Со стола было быстро убрано. Зинаида, захлопнув дверцу шкафа, повернулась к отцу:

— Спокойной ночи, тятя! Я на поветях ночую. Пойдем, Филька!

Филька нехотя последовал за сестрой.

Влас позевнул и стал разуваться.

— Так-то, Марья. Живете, значит? Ничего, говоришь? Ладно?

— Как будто ладно, Влас. Конешно, скучно об своем хозяйстве. Да скучать недосуг. Работа. Я со скотом возжаюсь. Хороший скот подобрался…

— А как другие?

— Которые тоже шибко к работе привержены. Есть, конешно, отлынивающие. Без этого не бывает.

Влас босиком прошел к постели и потянулся.

— Та-ак… — проговорил он. — Так… Что же, и балахонские тоже не сдают? Приобвыкли к работе?

— Балахонские не хуже прочих, Влас. Даже на удивленье. Взять хотя бы Василия да Артема, или Никоныча старика. Сполняют свое дело хорошо.

— Удивительно мне это… — раздумчиво протянул Влас. — Не ждал. Скажи на милость! Васька Оглоблин, никогда у него за душой ничего не было, ни к какому хозяйству привычки не имел, а выходит из него справный хозяин! И не верится мне.

— Верно, верно, Влас! — горячо подхватила Марья. — И мне сумнительно было. А как он принялся охлопатывать насчет кормов, я и удостоверилась. Много он тогда трудов положил…

И Марья, воскрешая в своей памяти дни, когда Василий носился по окресностям в поисках кормов, стала рассказывать мужу о том, что тогда сделал Василий.

Не прерывая ее, прослушал Влас о Василии: ничего не сказал и, сидя на постели, внезапно впал в задумчивость. Марья притихла. С легким испугом сбоку посмотрела на мужа и увидела странное: Влас растерянно чему-то улыбался и глядел куда-то далеко, за стены избы.

— Влас! — нерешительно окликнула она. Улыбка растаяла на лице мужа, он встряхнулся и решительно стал расстегивать ворот рубахи.

— Спать, — сказал он тихо. — Давай, Марь, спать…

Потушена лампа. Тьма. Влас лежит молча в постели, чувствуя возле себя по-привычному, как много лет подряд, Марью. Сон медленно и нехотя наваливается на него. Тишина в избе, тишина, от которой Влас отвык за последние месяцы, волнует его, слегка тревожит. Присмиревшая Марья дремлет, чутко сторожа покой мужа. Безвольно борясь со сном, Влас пытается продумать обо всем том, что встретило его в деревне. Но мысли не укладываются в ровные плавные вереницы — мысли скачут и путаются.

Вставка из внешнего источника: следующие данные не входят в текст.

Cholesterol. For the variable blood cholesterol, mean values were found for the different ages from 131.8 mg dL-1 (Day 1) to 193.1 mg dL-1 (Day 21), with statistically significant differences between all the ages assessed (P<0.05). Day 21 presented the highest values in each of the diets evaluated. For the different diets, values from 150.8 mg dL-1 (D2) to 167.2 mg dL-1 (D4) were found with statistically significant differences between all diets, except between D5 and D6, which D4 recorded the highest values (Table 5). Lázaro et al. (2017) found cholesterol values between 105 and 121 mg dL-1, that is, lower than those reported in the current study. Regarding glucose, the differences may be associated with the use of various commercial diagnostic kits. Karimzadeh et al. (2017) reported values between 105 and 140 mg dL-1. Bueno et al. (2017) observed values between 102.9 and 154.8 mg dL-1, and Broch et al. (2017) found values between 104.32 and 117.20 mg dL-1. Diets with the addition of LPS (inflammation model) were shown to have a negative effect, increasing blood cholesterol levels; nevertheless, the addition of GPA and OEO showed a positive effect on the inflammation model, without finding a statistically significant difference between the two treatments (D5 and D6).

И так долго. Скачут и путаются мысли. Желанен сон, но хочется, чтоб настало поскорее утро.

И сон, наконец, приходит. Он мягко и крепко охватывает Власа. Он успокаивает его.

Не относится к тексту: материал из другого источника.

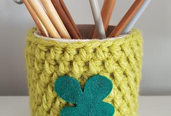 Este es otro de los modelos de portalápices en color verde lima con un trebol que fué destinado para la Asociación Nueva Vida, para ayudar a los animales que por esta Asociación pasan.
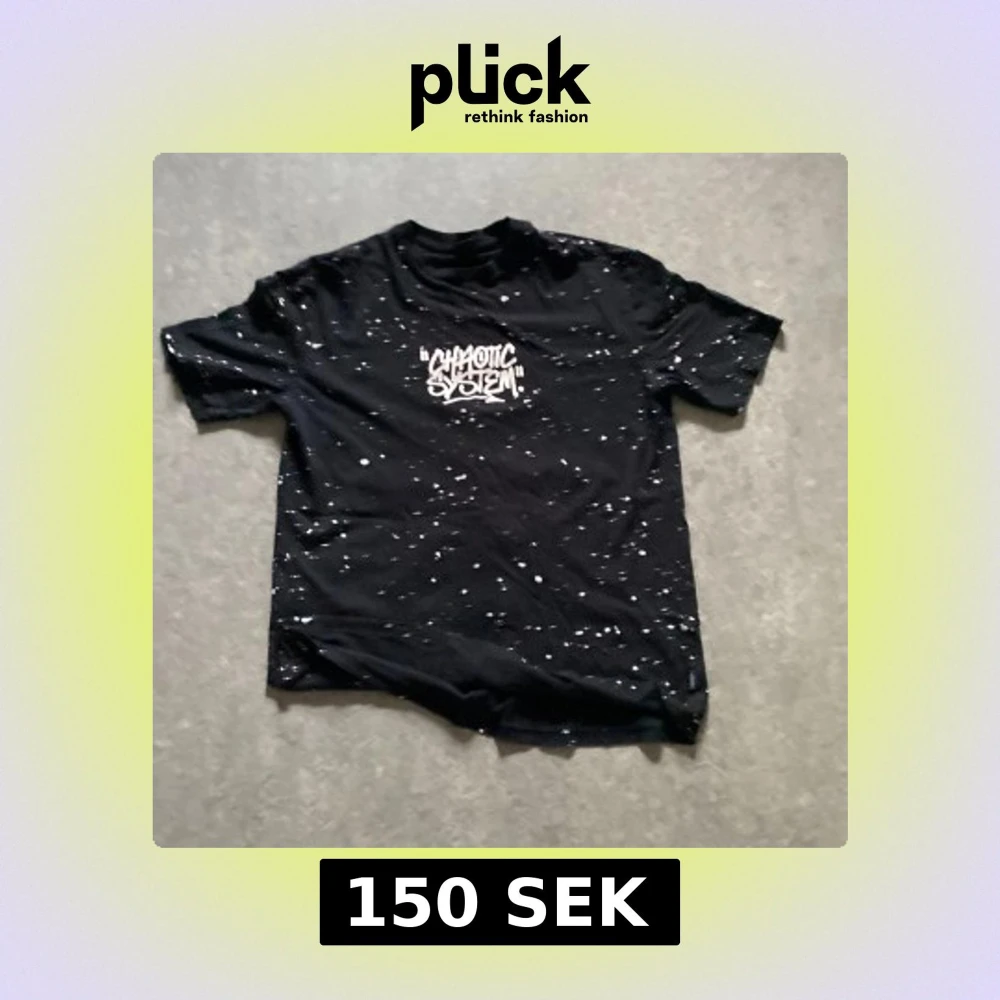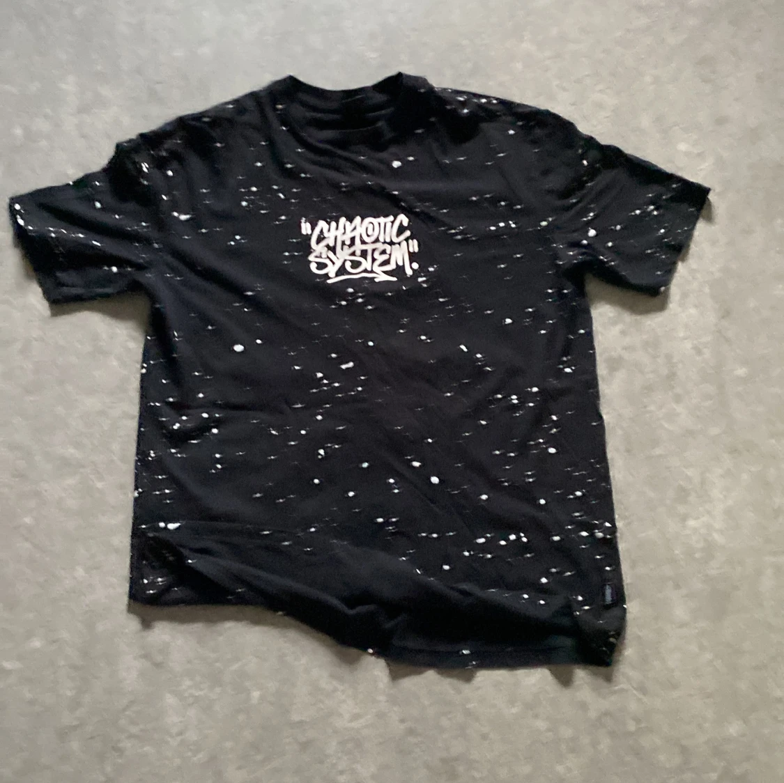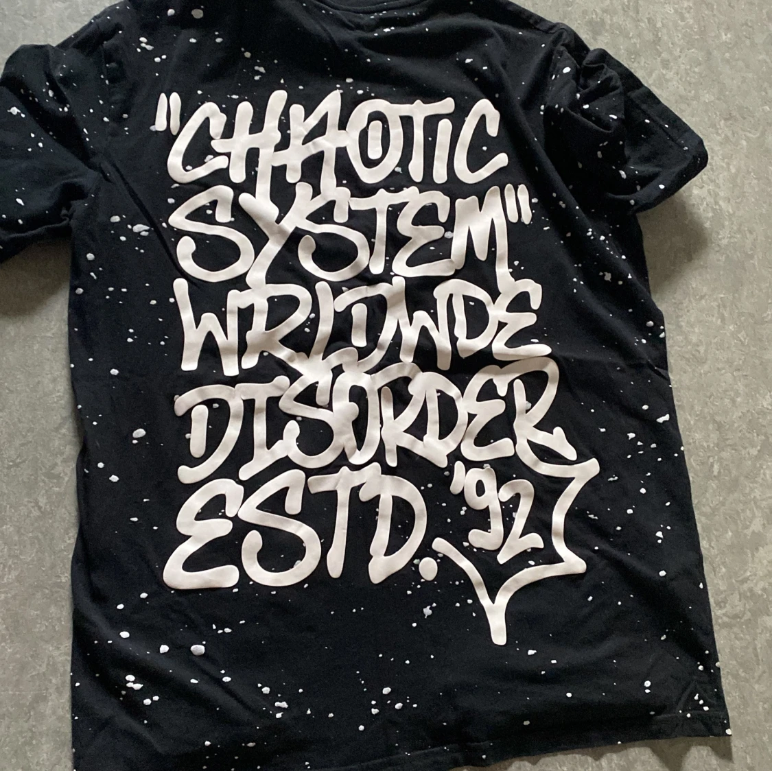 Svart t-shirt från FSBN med relaxed fit och coolt graffiti-tryck både fram och bak. T-shirten har vita stänk över hela tyget och texten 'Chaotic System' i stor stil. Perfekt för dig som gillar streetwear vibes.
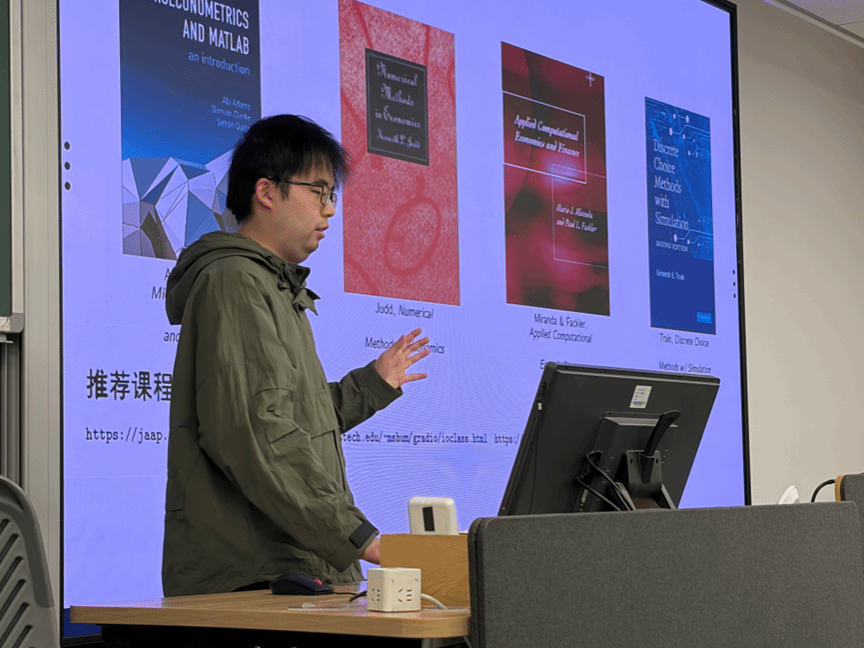 在书目推荐上,彬朝学长结合自己主攻国际贸易与产业组织、偏理论与定量分析的方向,给出了参考书单。理论层面:MWG的《微观经济理论》是博士生必读,需逐字研读;Kreps的讲义比MWG更细,直觉解释丰富,更友好;奥斯本和鲁宾斯坦的《博弈论》侧重公理视角,其中的冷门知识点(如合作博弈)或许能成为论文的创新落脚点。计量方向:Bruce Hansen的著作可作为核心;AI时代无需深钻Stata指令,基础操作加AI辅助即可。国际贸易方向:建议从Handbook入手,吃透克鲁格曼等人的基石文献,Melitz模型及其扩展是重要研究方向。宏观方面:Stokey和Lucas的经典著作必须攻克;苗建军的《Economic Dynamics in Discrete Time》兼顾量化入门与深层理论,是学习复杂模型的好起点。

…Тяжела дорога. Она тянется полем. Поле пустое, безродное. Низко плывут над головою серые облака. Нет солнца. Где-то сеется дождь, и сюда доносится холодная сырость. Котомка давит плечи. Итти трудно: земля тянет к себе, ноги грузнут в рыхлой земле. И по бокам дороги горят унылые костры, дым от которых низко стелется по земле,

Влас идет и боится оглянуться. Тоска сжимает его сердце. Тоска раздирает его. Не хочется уходить из родных мест, не хочется итти в холодную неизвестность, но какая-то сила гонит его, гонит беспощадно. Порою он останавливается, и тогда ветер, неся с собою мельчайшие брызги далекого дождя, обвевает его горячий лоб и прижимается к нему острым холодком.

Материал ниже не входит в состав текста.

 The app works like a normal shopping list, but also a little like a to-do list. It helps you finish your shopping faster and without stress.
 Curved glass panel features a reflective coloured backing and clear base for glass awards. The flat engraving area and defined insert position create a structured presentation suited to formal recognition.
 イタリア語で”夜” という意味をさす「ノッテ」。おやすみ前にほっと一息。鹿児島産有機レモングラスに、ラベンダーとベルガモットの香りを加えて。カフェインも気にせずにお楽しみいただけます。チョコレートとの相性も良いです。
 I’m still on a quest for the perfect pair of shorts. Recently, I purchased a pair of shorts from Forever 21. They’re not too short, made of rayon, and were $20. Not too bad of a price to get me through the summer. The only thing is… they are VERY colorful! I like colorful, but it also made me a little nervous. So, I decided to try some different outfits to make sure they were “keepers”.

Влас идет, и тоска ширится в нем, тоска жалит его. Надо вернуться, непременно надо вернуться! Но нет сил, кто-то не пускает, кто-то гонит вперед, все вперед.

В тихом шелесте ветра слышатся какие-то смутные голоса. Кто-то смеется, кто-то плачет. Кто-то зовет, настойчиво зовет Власа. И он не может различить, откуда несутся призывные, смутные зовы: сзади ли или оттуда, куда он через силу идет?

В тихом шелесте ветра крепнут голоса. Вот уже различает Влас отдельные слова. Вот слышит он:

— Власушка… Влас, воротись, воротись!..

Да, это сзади кричат ему, сзади умоляют его вернуться. О, как хочется ему повиноваться этому зову! Но не может он, не может…

Дышать становится трудно: жестокая рука сжала грудь, жестокая рука добралась к горлу. Душно, душно Власу.

— Власушка!.. Воротись, Влас, воротись!..

Конечно, конечно, он вернется! Но нет сил повернуться обратно…

И вот громче и тревожней…

— Власушка! Влас!.. — И чужая рука отпускает горло, падает на плечо, треплет его:

— Власушка! проснись!..

С трудом отгоняя от себя кошмарный сон, Влас приподнимается на постели. Сквозь неплотно закрытые ставни льется в избу тонкий яркий солнечный луч. Марья тормошит Власа и тревожно повторяет:

— Проснись, Влас!.. Утро!

Влас окончательно просыпается. Теплая радость наполняет его всего. Нет никакой дороги. Утро. Как хорошо!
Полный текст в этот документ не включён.